On ne peut se fier à rien excepté à l’être et au ressenti de l’instant – en écoutant prioritairement – centralement – l’élan intérieur de la plus simple et innocente manière (avec l’esprit vide et vierge)…

 

 

Des bandes de vert – collées sur le bleu et le blanc du ciel. La terre et l’azur – l’œil et la foi – l’indélicatesse et l’illusion. Et des instincts à foison…

L’apparence du réel – et tous les plans – tous les mondes – derrière…

 

 

Ce qui s’installe en dépit de nos avertissements – rien qui ne puisse être entravé – ni stoppé…

Les élans et les mouvements naturels façonnent et agencent la réalité triviale – et apparente – du monde. Quant à l’essentiel – il demeure toujours au-dedans – la perspective sous-jacente à ce qui est perceptible par les sens – et qui reste étrangère (et très souvent inconnue) aux âmes terrestres…

 

 

L’extraordinaire se glisse – très souvent – au fond du plus commun. Pour le déceler – il faut s’approcher jusqu’au cœur des choses – pénétrer leur essence – découvrir ce qu’elles sont en réalité. Et être suffisamment patient pour qu’elles se dévoilent…

 

 

Des taches sombres sur le vert – des taches blanches sur le bleu – la terre et le ciel en quinconce…
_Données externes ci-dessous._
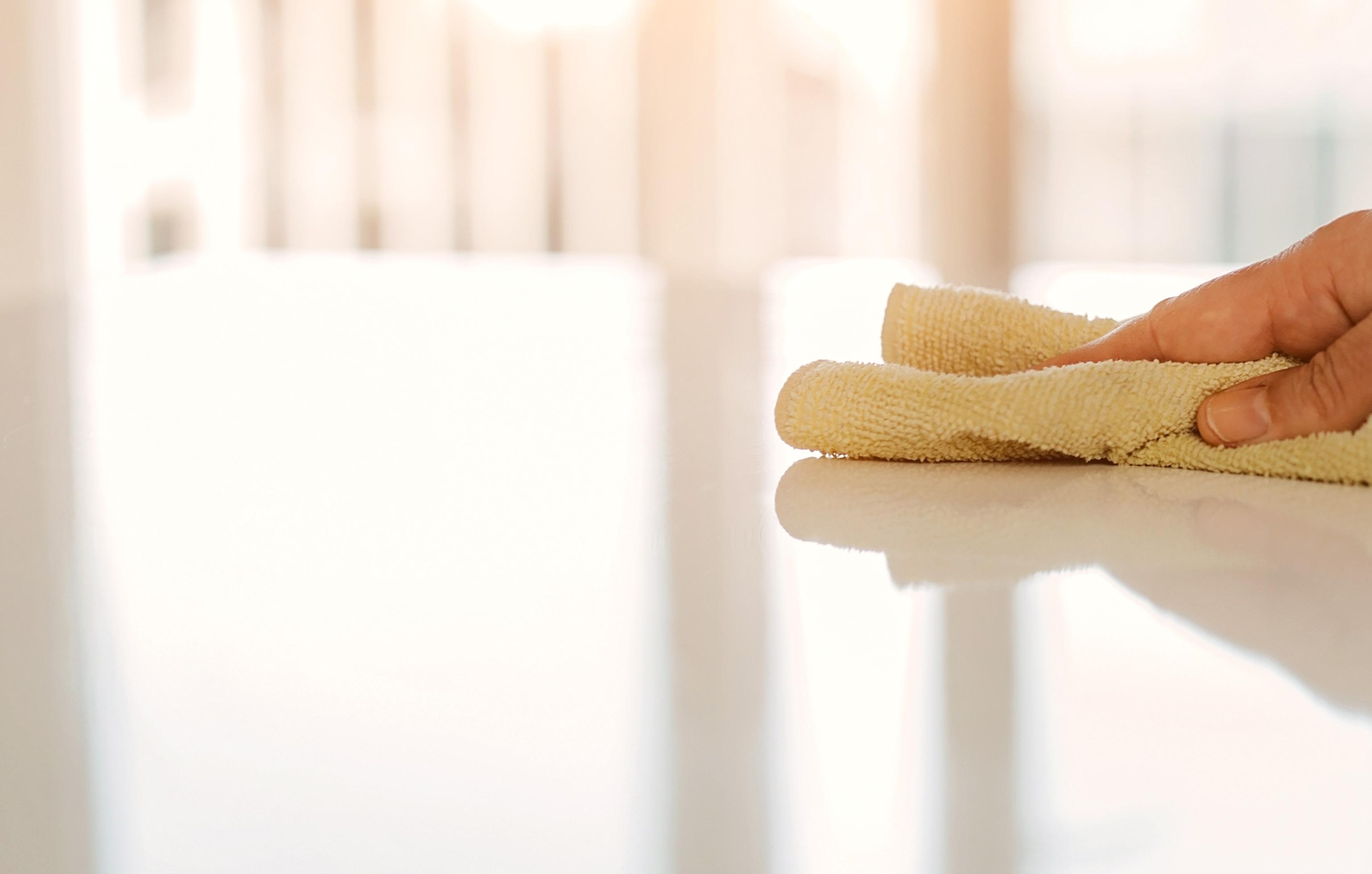 Tilfør en rikelig mengde desinfeksjon på overflaten. Bearbeid overflaten med en ren tørkeklut eller lofritt papir. Det er viktig at overflaten er fuktig under rengjøringen. Bruk hansker for å unngå uttørking av huden.

Des courbes – des formes – et une seule ligne de démarcation…

 

 

Des bruits – ce qui déchire le silence – rien qui ne puisse arracher les hommes à leur sommeil…

 

 

Derrière le fouillis du nombre – la splendeur de l’Un – si bien caché(e) – trop bien caché(e) parfois…

 

 

En général – l’apparence belliqueuse dissimule la crainte. Quant à la tranquillité véritable, elle naît d’une juste compréhension de ce que nous sommes

 

 

Rayures apparentes, parfois, sur nos vêtements trop amples. Du noir et du blanc que nous imaginons séparés mais qui – en vérité – s’entremêlent toujours avec nuance…

La vie – et son (extraordinaire) intelligence du mélange – de la subtilité…

 

 

Rideaux sombres sur le jour – manière d’ignorer la beauté – l’étrangeté – la surprise – la nouveauté – de ce qui, sans cesse, se présente…

 

 

Des instincts hasardeux – la providence et l’infortune – la nostalgie, parfois, du premier homme – la capacité intuitive – la solitude et le silence indispensables. L’être comme seule nécessité – et les autres instances – (presque) toujours secondaires…

Ce qui se joue – en nous – à chaque instant ; le plus haut et la fuite – l’évitement du monde humain – notre ligne étroite – cette pente glissante qui toujours nous conduit vers le plus naturel…

 

 

Tout ce qui concourt à l’émergence du vrai ; ni l’éradication du mal – ni la propagation du bien…

 

 

Ce qui se dessine sans notre consentement – un monde de contours et de fumée…

Sur la vitre – la buée – et derrière, des pas qui s’éloignent…

Et ce qui les unit – une forme de respiration – un souffle – un élan vers le possible…

 

 

Ce qui se désagrège – l’inutile – le superflu – l’inessentiel…

Ce qui reste – presque rien ; le regard – une forme de présence sans contenu – une manière de faire renaître, à chaque instant, l’aventure…

 

 

Ce qui s’oublie en vivant – le plus essentiel…

Ce que l’on préserve – malgré nous – le moins légitime…

 

 

Cette peau sur la peau qui empêche la liberté – sous laquelle on étouffe – on s’éteint – on meurt…

Masque-carapace – armure-parure – que l’on croit devoir revêtir pour dissimuler notre nudité – que l’on imagine (à tort) fragile ; il n’y a rien de plus puissant – de plus tenace…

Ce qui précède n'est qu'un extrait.